Сад — страница 20 из 54

Летом, вечерами, Арбузовы садились на крыльцо, заросшее душным чубушником, и Арбузиха заводила “Не шей ты мне, матушка, красный сарафан”. Мужнин тенорок, слабенький, сладкий, но удивительно верный, вьюном, как дворняжка, вился вокруг ее голоса, огромного, золотого, каким-то чудом помещавшегося у Арбузихи внутри – и на слободе как будто становилось светлее. Соседки одна за другой распахивали окна, вываливали на подоконники грандиозные груди, моргали мокрыми глазами, подхватывали сперва кто во что горазд, вразнобой, а потом всё слаженнее, дружнее. Мужики иной раз даже не выдерживали – вступали. До темноты, бывало, и “Колокольчик”, и “На заре ты ее не буди”, и народного столько перепоют, что заслушаться можно. С другого конца села за умилением люди приходили.

Хорошо жили очень. Ладно.

Принимать первенца пригласили Мейзеля, за деньги, – слава богу, не голодранцы какие. Честные мещане. Мейзель приехал, выстучал Арбузихино выпучившее пуп пузо, покачал недовольно головой – роженица была слабогрудая, узкозадая, как борзая. Не родит, нет. Либо сама помрет, либо ребенок.

Как начнется, вызывайте. Полагаю, через месяц. Не раньше.

Его вызвали на следующий день. К Арбузову. Разгром, внук знаменитого Полкана Шестого, рослый, выхоленный, цыбастый орловский рысак, одним ударом размозжил тихому конторщику голову. Никто так и не понял, какая нелегкая занесла Арбузова в дальний паддок и что он искал под копытами у жеребца, но Разгром не просто сбил его с ног, но, уже поверженного, прижал коленями к земле и грыз, как собака. На крики прибежали конюхи, но было, конечно, поздно. Слишком поздно.

Когда Мейзель приехал, из живого у Арбузова остался только один глаз, плавающий среди густой черно-красной каши. Все остальное было изуродовано так, что Мейзель, видавший охотников, заломанных медведем, на мгновение отдернул взгляд. А ведь думалось, ко всему уже привык. Ан нет. Господь найдет, чем удивить чада свои.

Височная кость. Кажется, теменная тоже. Ключица. Возможно, обе. Плечо, рёбра – почти наверняка. Плюс укусы – изжеванная, грязными лохмотьями висящая плоть. Одежду придется просто срезать.

В комнате мельтешили какие-то люди, сталкивались, причитали, загораживали свет, и только Арбузиха стояла молча, прижавшись к выложенной дешевеньким изразцом печке. Прикрывала незаконченным шитьем громадный живот. Мейзель мимоходом заметил и вздувшиеся вены на ее висках, и не до конца подрубленный подол длинной детской рубашечки. Крестильная, должно быть.
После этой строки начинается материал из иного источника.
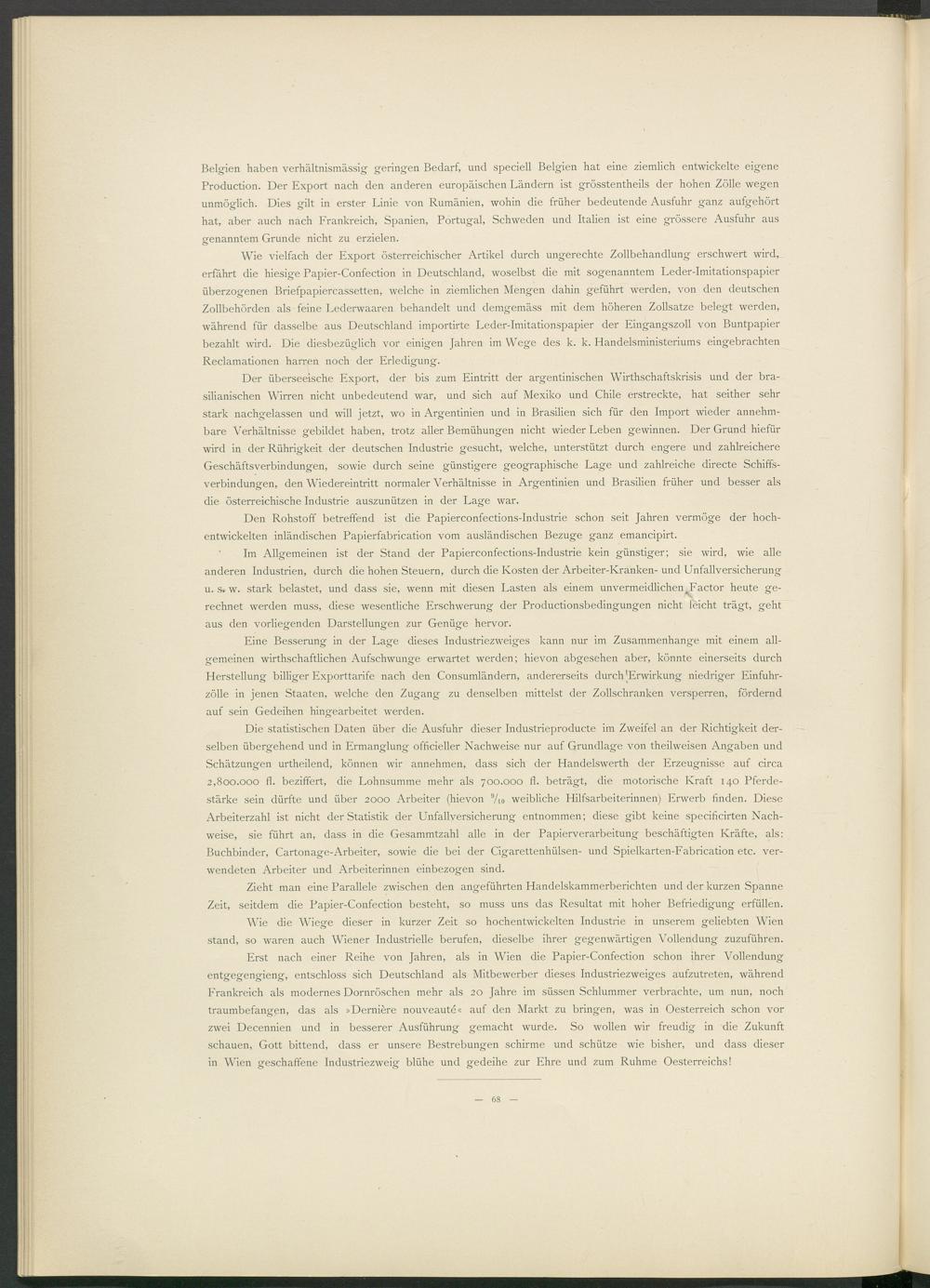 Zieht man eine Parallele zwischen den angeführten Handelskammerberichten und der kurzen Spanne Zeit, seitdem die Papier-Confection besteht, so muss uns das Resultat mit hoher Befriedigung erfüllen.

Помрет. Совершенно точно – помрет.

И он. И она. Оба. А заодно и ребенок.

Троих разом он еще не терял.

За распахнутыми окнами осторожно собирались сумерки – всё еще летние, слабенькие, как пятая заварка. В комнате пахло чем-то острым и вкусным – должно быть, лошадиным по́том, всюду валялись тряпки, перемазанные свежей кровавой грязью, но все равно было чисто. По-привычному чисто, всегда. Редкость. Большая редкость. Мейзель повел носом – нет, не пот. Вишневые листья, укроп, живое горячее дерево, запаренные свежим кипятком дубовые кадушки. Арбузиха собиралась солить огурцы. Все собирались. Август.

Хлопнула дверь, вбежала простоволосая растрепанная старуха – верно, мать Арбузова, завыла гнусным мужским голосом. И, словно придя в сознание, закричала наконец и сама Арбузиха – коротко, страшно, низко, как кричат только от внезапной и непосильной физической боли.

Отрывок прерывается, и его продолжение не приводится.